Source records:
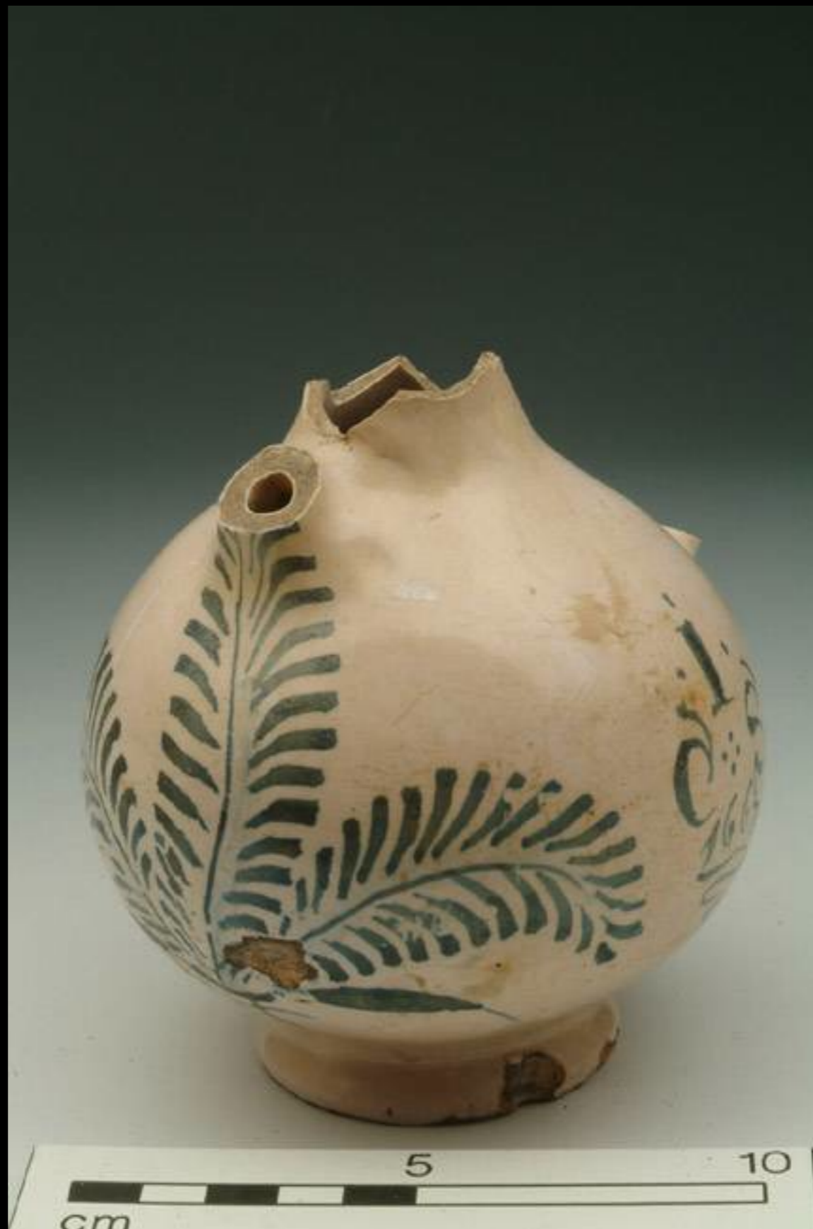
English Tin Glazed Earthenware Wine Bottle from Southwark, London Inscribed "CIS 1667" (Victoria & Albert)
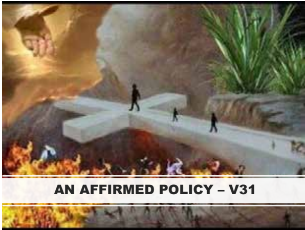
AN AFFIRMED POLICY - V31
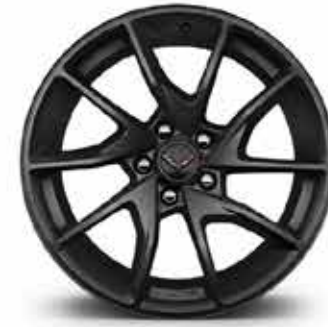
Z06 Black-Painted with Machined Groove 19-inch Front/20-inch Rear Wheel (6Z9)
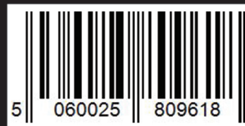
GM9961 GM Tools Leaflet 1st Edition

Gaugemaster Controls Ltd, Gaugemaster House, Ford Road, Arundel, West Sussex, BN18 0BN, United Kingdom Tel - +44 (0) 1903 884321 Fax - +44 (0) 1903 884377 E Mail - sales@gaugemaster.co.uk Web - www.gaugemaster.com - www.airfix-shop.com - www.scalextric-shop.com
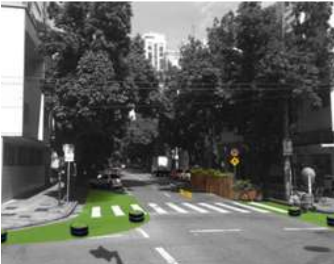
Figure 2: Urban furniture and horizontal signaling
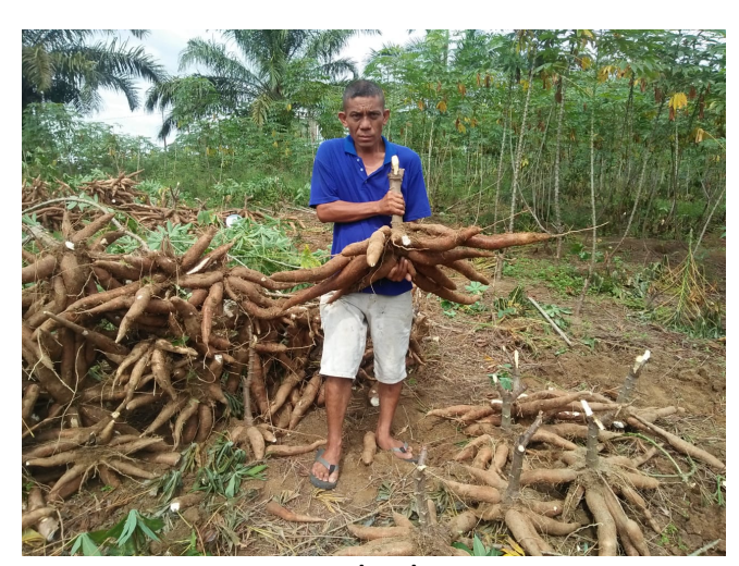
Agents take best varieties

▶ [Work request] Where pictures appear, omit them, and transcribe exactly, with nothing else, the lines from the line with "Figure 2: Urban" through the final line of the records above, both ends included.

▶ [Answer space]
Figure 2: Urban furniture and horizontal signaling
Agents take best varieties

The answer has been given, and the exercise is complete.